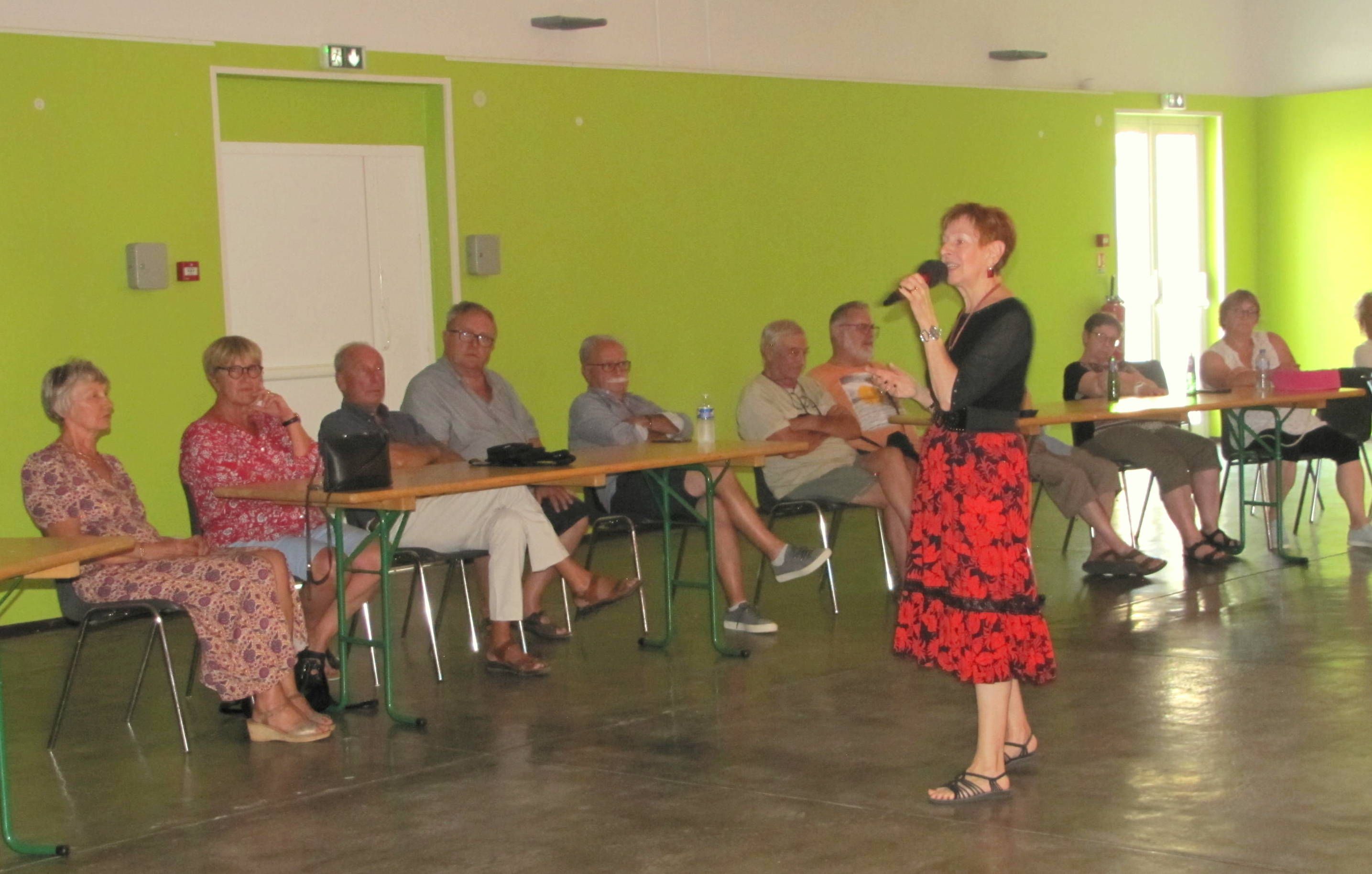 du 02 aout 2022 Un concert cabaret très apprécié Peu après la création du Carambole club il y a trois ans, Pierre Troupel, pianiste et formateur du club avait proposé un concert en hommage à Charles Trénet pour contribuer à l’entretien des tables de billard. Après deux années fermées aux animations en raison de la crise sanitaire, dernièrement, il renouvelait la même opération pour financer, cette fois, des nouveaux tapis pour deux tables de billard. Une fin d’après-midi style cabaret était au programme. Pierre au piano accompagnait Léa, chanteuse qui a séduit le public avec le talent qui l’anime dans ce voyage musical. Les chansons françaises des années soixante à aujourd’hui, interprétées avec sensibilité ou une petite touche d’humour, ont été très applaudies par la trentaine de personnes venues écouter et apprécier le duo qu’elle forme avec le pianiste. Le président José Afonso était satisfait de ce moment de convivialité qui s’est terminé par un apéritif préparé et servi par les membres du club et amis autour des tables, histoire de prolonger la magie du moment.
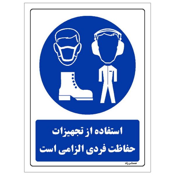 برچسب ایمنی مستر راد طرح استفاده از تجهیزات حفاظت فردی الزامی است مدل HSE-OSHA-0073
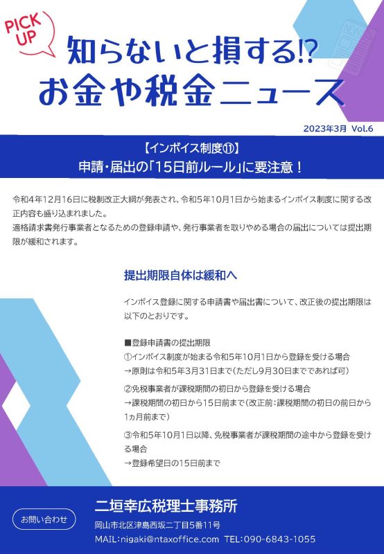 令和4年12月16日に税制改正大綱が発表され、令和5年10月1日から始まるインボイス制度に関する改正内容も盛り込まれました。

TASK PROMPT:
Print the lines from the line with "برچسب ایمنی مستر" to the end of the data above. Include both ends, exclude the pictures, and add nothing else.

OUTPUT FOR THIS TASK:
 برچسب ایمنی مستر راد طرح استفاده از تجهیزات حفاظت فردی الزامی است مدل HSE-OSHA-0073
 令和4年12月16日に税制改正大綱が発表され、令和5年10月1日から始まるインボイス制度に関する改正内容も盛り込まれました。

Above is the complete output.